## WORK ORDER
From the first line of the listing to the last, set down everything exactly, but skip the images.

----- INFORMATION SUPPLIED

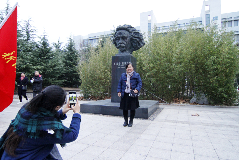 爱因斯坦铜像、孙建初塑像、杨光华老校长塑像、小黄山、地球仪广场、创造太阳雕塑、“荟萃”浮雕、“蕴”雕塑……从新图书馆东馆出发,教职工们的脚步覆盖学校大部分景观。
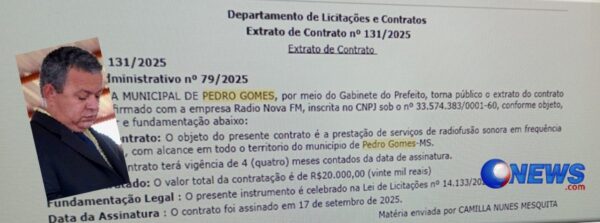 Byadminsetembro 21, 2025A emissora de rádio ligada ao ex-prefeito Vanderley Mota, celebrou um contrato no valor de R$ 20 mil reais com a prefeitura pedrogomense....
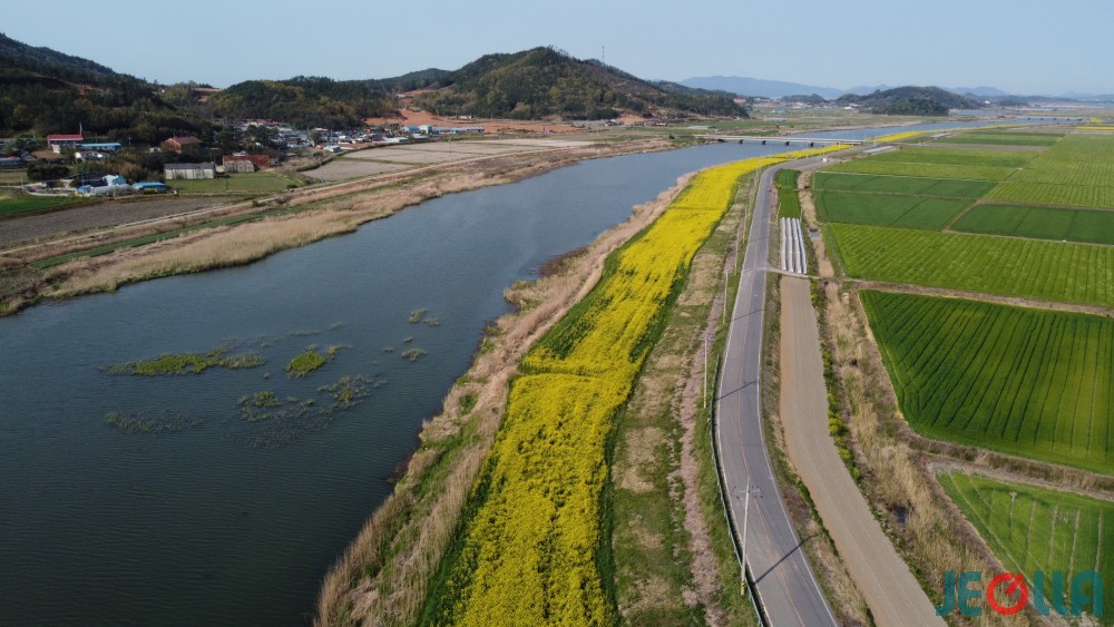삼산천 둔치에도, 고천암 농경지에도 온통 유채꽃이다. 유채 꽃밭은 삼산천 둔치를 따라 10여 리 넘게 길게 이어지고 있으며, 간척지에는 바둑판처럼 네모난 유채 꽃밭이 유채꽃 평야를 이루고 있다.

----------

## RESPONSE AREA
 爱因斯坦铜像、孙建初塑像、杨光华老校长塑像、小黄山、地球仪广场、创造太阳雕塑、“荟萃”浮雕、“蕴”雕塑……从新图书馆东馆出发,教职工们的脚步覆盖学校大部分景观。
 Byadminsetembro 21, 2025A emissora de rádio ligada ao ex-prefeito Vanderley Mota, celebrou um contrato no valor de R$ 20 mil reais com a prefeitura pedrogomense....
삼산천 둔치에도, 고천암 농경지에도 온통 유채꽃이다. 유채 꽃밭은 삼산천 둔치를 따라 10여 리 넘게 길게 이어지고 있으며, 간척지에는 바둑판처럼 네모난 유채 꽃밭이 유채꽃 평야를 이루고 있다.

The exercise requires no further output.